17.6.3 Modal Damping Ratios

The averages and standard deviations of the damping ratios of the vibration modes identified by different algorithms are presented in Table 17.2. In general, the standard deviations obtained for the damping ratios are much higher than those obtained for the modal frequencies especially for ERA and FDD methods; the high variance on damping estimate is quite noticeable. In case of FDD method, damping estimate for low frequency modes are unrealistically high, an indication of high leakage bias in spectra computation. In fact, the closeness of the modes and the relatively low frequency resolution adapted to guarantee significant number of averages which is essential for good performance of FDD technique, leads to an unaccepted biased spectra estimation. On the other hand, both SSI and PolyMAX methods provide comparable damping estimate. The average modal damping ratio by SSI method is 1.62% corresponding to 53% standard deviation of the mean while for PolyMAX; these values are 1.67% and 62% respectively. It is worth noting that the mean extracted modal damping ratios show a slight decreasing trend with increasing frequency.

17.7 Conclusions

In the present study, a total of fourteen field monitoring datasets from the Confederation Bridge monitoring database have been analyzed by four different output-only system identification techniques and the extracted modal properties are investigated against expected design values.

From the output only system identification analysis of the monitoring data, twenty one vibration modes are identified in the frequency range 0-5.5 Hz, exhibiting an overall very good correlation with the modal properties previously calculated using the design finite element modelling. The identified modal frequencies differ by less than 1% on average from the expected design values and the extracted mode shapes are reasonably similar to those expected from the design except for some localized discrepancies at the drop-in-span where the actual asymmetrical support conditions are more complex than those assumed in the finite element models of this study.

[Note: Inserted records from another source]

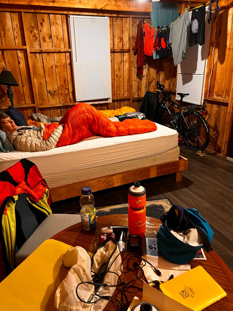 We’re at a campground tonight in Bridgetown. Have a little cabin because… guess what?… yep, it’s going to rain again all night! It’s nothing special but will be dry when we wake up in the morning. Easier to cook breakfast and pack up! It’s Monday and besides Tim Horton’s the only food open is a takeout pizza joint. It’s a quick 2 minute ride so that’s what’s for dinner tonight.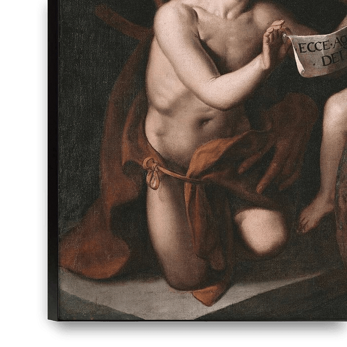 In dit aantrekkelijke werk wordt de Maagd direct naar de kijker gekeken, haar aandacht wordt even weggetrokken van haar kind, dat op haar schoot zit. Haar rechterhand houdt zachtjes de arm van Christus vast, die zich uitstrekt om het haar van het kindje Johannes de Doper aan te raken. Johannes houdt op zijn beurt een klein spandoekje omhoog met de inscriptie "ECCE AGNV- DEI", "Zie het Lam Gods", de woorden van Johannes over Christus bij het doopsel (Johannes 1,36). Het rieten kruis, het gebruikelijke attribuut van Johannes de Doper, wordt vastgehouden door zijn moeder, Elizabeth, terwijl Jozef vanuit de schaduwrijke achtergrond naar het tafereel kijkt.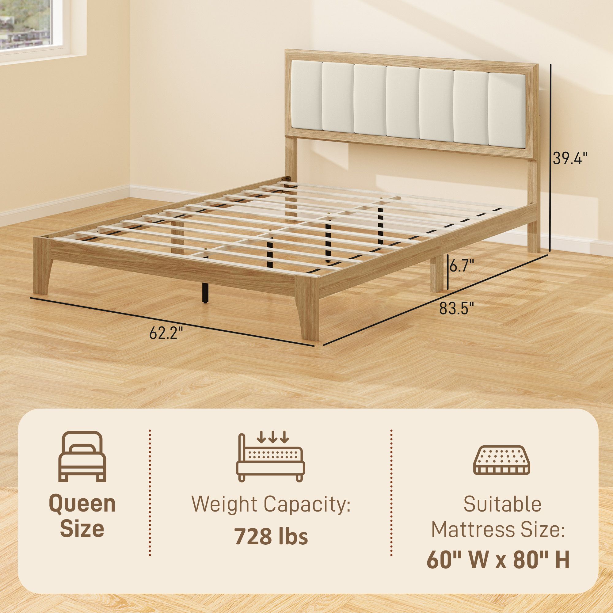 5.- Queen Size Platform Bed Frame Information: Overall dimensions: 83.5"" L x 62.2"" W x 39.4"" H. Suitable mattress size: 60"" W x 80"" D.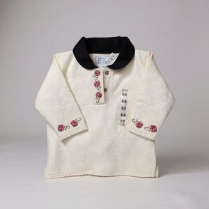 Set of three shirts. Includes pink long-sleeve bodysuit. Cream sweater with black collar and floral details. White short-sleeve shirt with button front.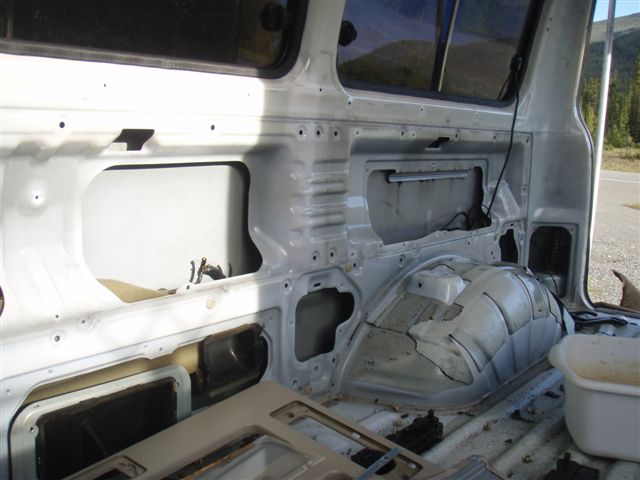 attached are a few photos of the progress/chaos. I am close to added the dynamat and insulation to the back - I plan on putting in a 17 inch tv in the rear on a fold down bracket, a sleeping platfom, and a epsar heater....I post pics as I progress - I have the next 3 weeks off work so I should get a lot done (hopefully)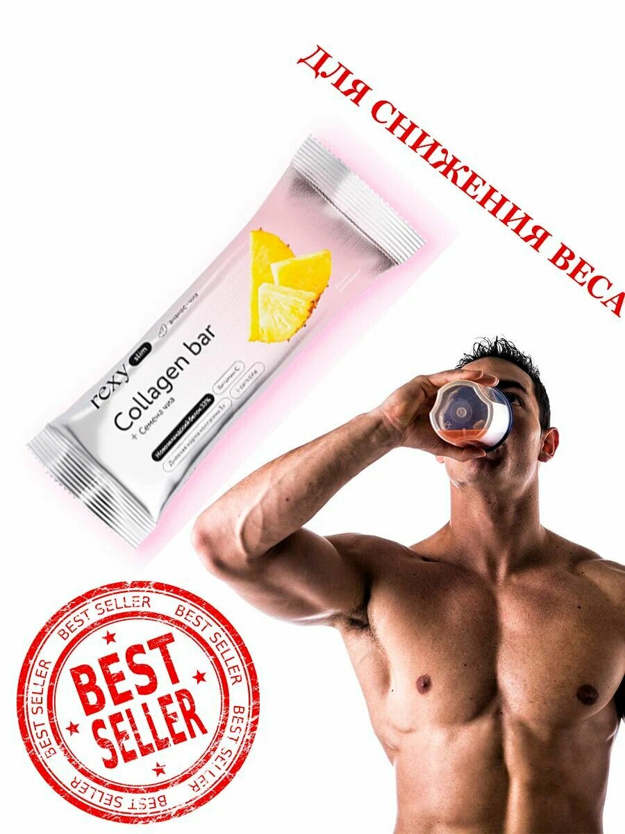 Купить Протеиновые батончики rexy с коллагеном Ананас-чиа, 40г х 9шт, 140ккал без сахара ПП сладости, низкокалорийные спортивные батончики десерты ProteinRex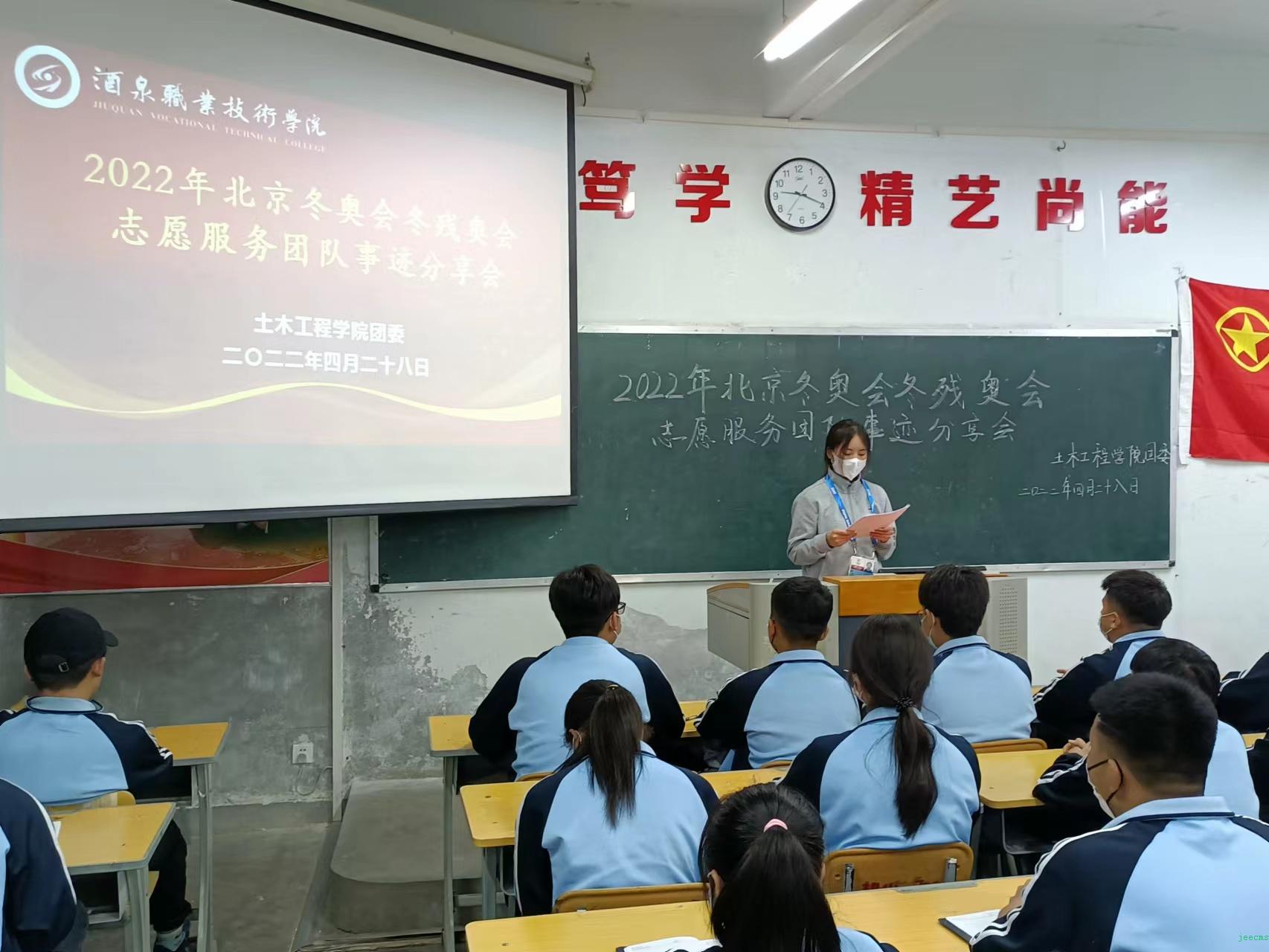 为深入学习贯彻习近平总书记在北京冬奥会、冬残奥会总结表彰大会上的重要讲话精神。2022年4月28日,土木工程学院团委在行知楼108举行2022年北京冬奥会冬残奥会志愿服务团队事迹分享会,重温冬奥时刻,吸取青春力量。
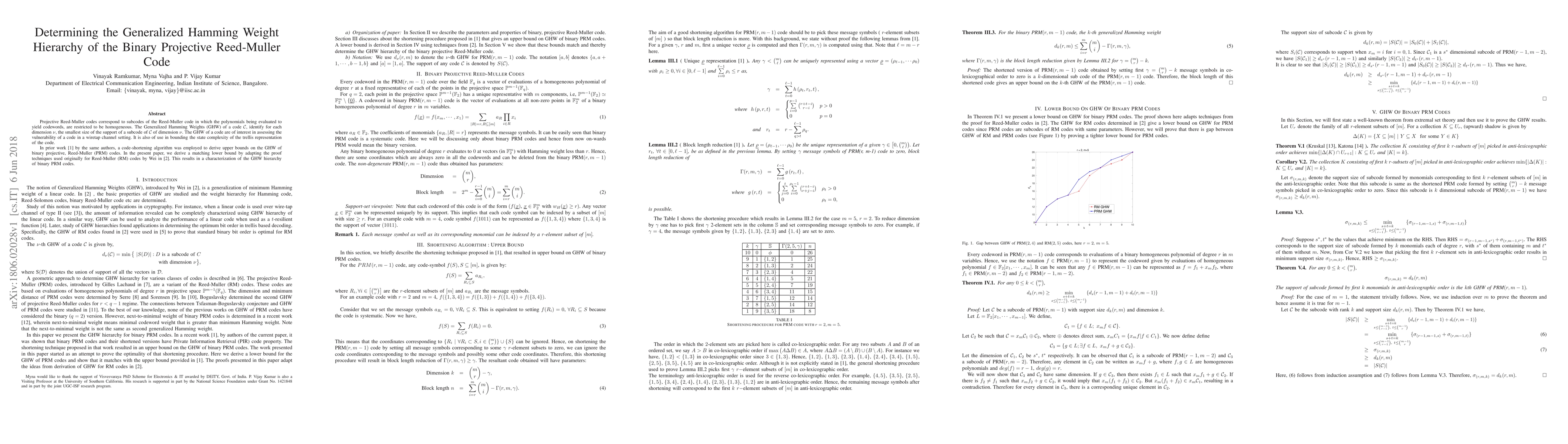 Projective Reed-Muller codes correspond to subcodes of the Reed-Muller code in which the polynomials being evaluated to yield codewords, are restricted to be homogeneous. The Generalized Hamming Weights (GHW) of a code ${\cal C}$, identify for each dimension $\nu$, the smallest size of the support of a subcode of ${\cal C}$ of dimension $\nu$. The GHW of a code are of interest in assessing the vulnerability of a code in a wiretap channel setting. It is also of use in bounding the state complexity of the trellis representation of the code. In prior work by the same authors, a code-shortening algorithm was employed to derive upper bounds on the GHW of binary projective, Reed-Muller (PRM) codes. In the present paper, we derive a matching lower bound by adapting the proof techniques used originally for Reed-Muller (RM) codes by Wei. This results in a characterization of the GHW hierarchy of binary PRM codes.

Among all the methods, SSI algorithm seems to be more consistent in frequency, damping and mode shape estimate. The application of PolyMAX and SSI methods to the ambient vibration data results in a very similar estimate for natural frequencies and damping ratios while for mode shape estimation, SSI outperforms PolyMAX method. The more traditional identification algorithm, ERA method provides comparable results at least in terms of frequency and mode shape estimation. Furthermore, all 4 algorithms exhibit higher variance in damping estimate especially for ERA and FDD, it is quite noticeable.